From: Joseph L. Brunner <joe_at_affirmedsystems.com>
Date: Tue, 29 Jan 2013 23:26:40 +0000

Generally, on "the street" we have or acquire public ip's from arin that are not in the bgp table... that is what we usually do... to prevent this kind of stuff.

In your case, I would make the vpn users come to any and ALL ip's via the vpn I want them to use via vpn and let the routing rules handle it behind the vpn... this may be a tunnel, or however you see fit and that is a perfectly acceptable solution...

But, in an age of citrix netscalers and other remote ssl proxy solutions - maybe the users should not even be on vpn? While you probably cant address that today, why do you need a vpn any more when better, less problematic solutions to support exist?

thanks

-----Original Message-----
From: nobody_at_groupstudy.com [mailto:nobody_at_groupstudy.com] On Behalf Of Dennis Worth
Sent: Friday, January 25, 2013 12:54 PM
To: Cisco certification
Subject: OT:remote access VPN routing transit

Group,

I am faced with slight problem and am reaching out to see what others have done on BCP basis.

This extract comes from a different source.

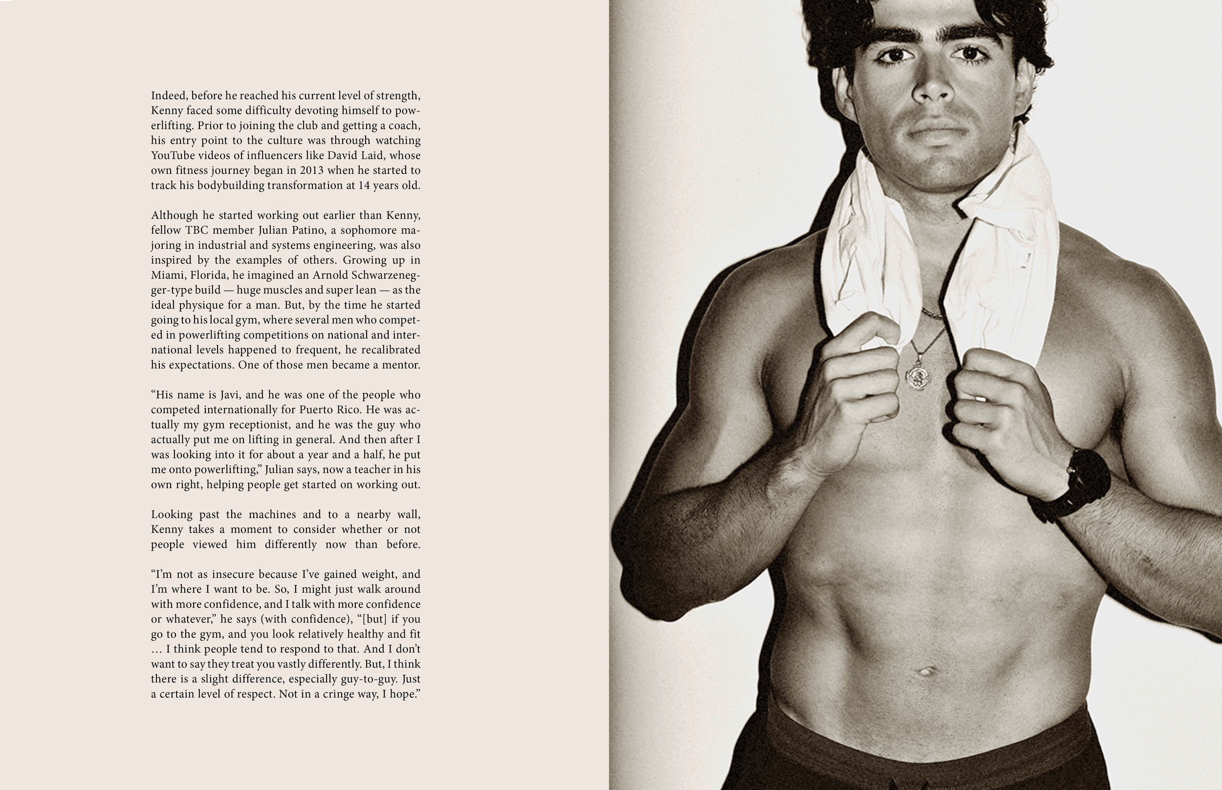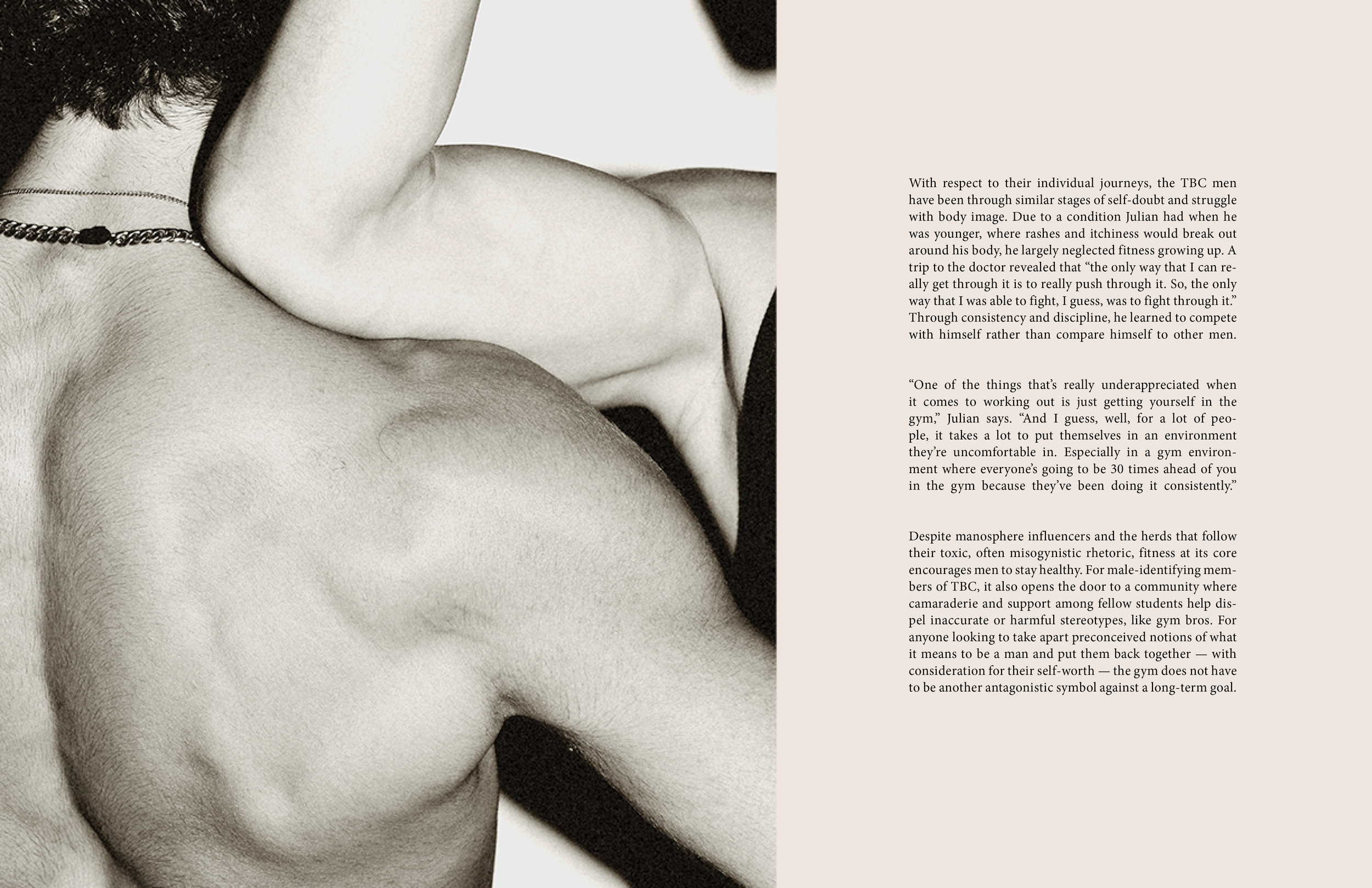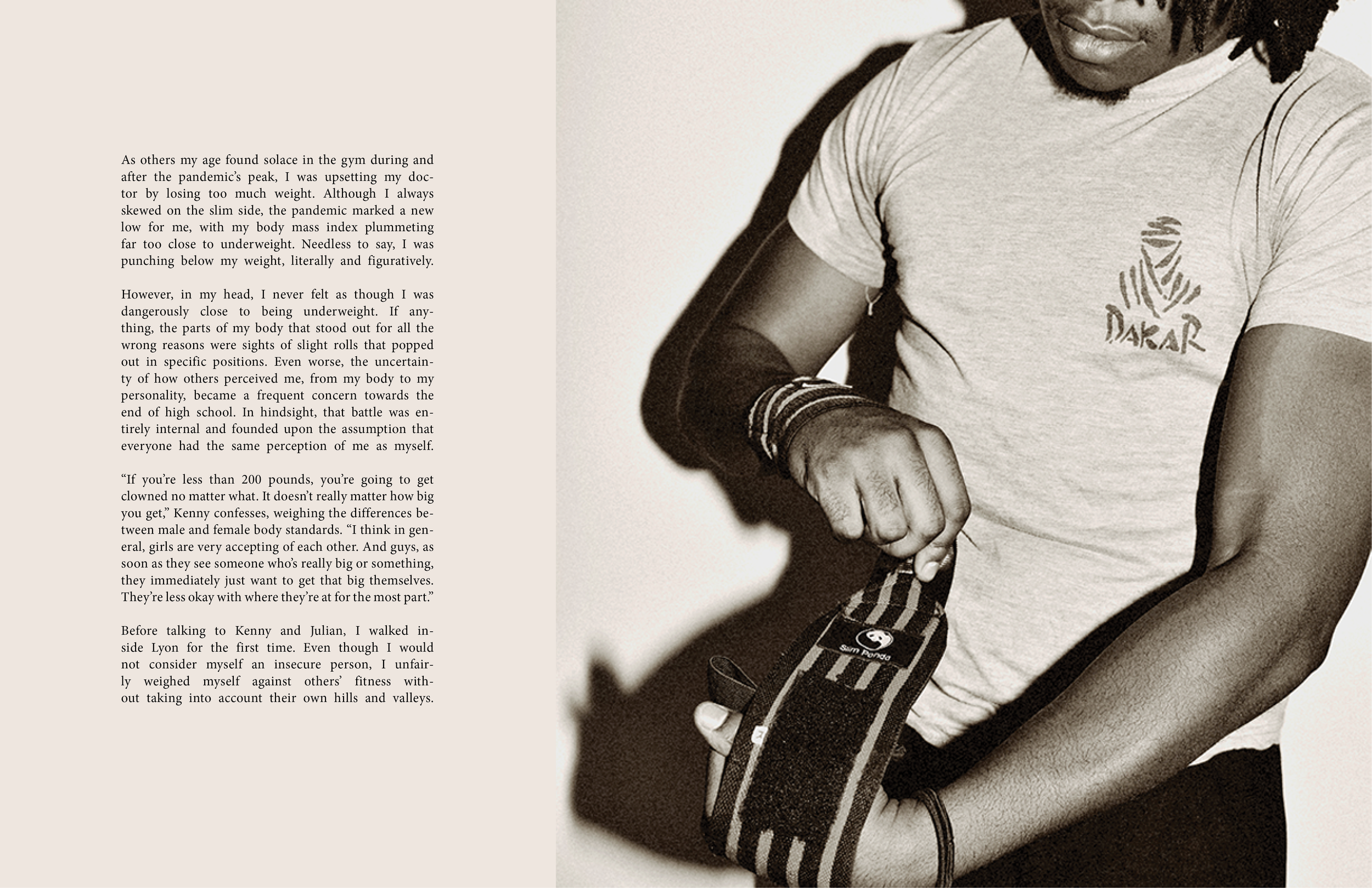 Designed for SCene Magazine’s minimalism-themed issue, Beefcakes, Barbells, and Body Standards is an editorial spread exploring discipline, restraint, and visual clarity. For this project, I designed the layout system and typographic treatment using a strict black-and-white palette, incorporating subtle texture and bold type to add emotional depth while maintaining a clean, minimalist structure.

Company A was aquired by Company B and is company B is advertising to company A and large amount of public IP's that are internally used by them to access all the internal apps etc @ Company B.
Now the dilema is that all the remote VPN users are split-tunneling a
10.x.x.x/8 which is Company A's entire network internally and need to hit the parent company B's subnets.

1st thought was to advertise a laundry list of subnets over the VPN for which users could route accordingly. Not sure this is right approach.
2nd thought was can I tunnel everything and send hem back out FW.

Maybe an easy solution here, but just not seeing it.
any thoughts or has any one had similar scenario?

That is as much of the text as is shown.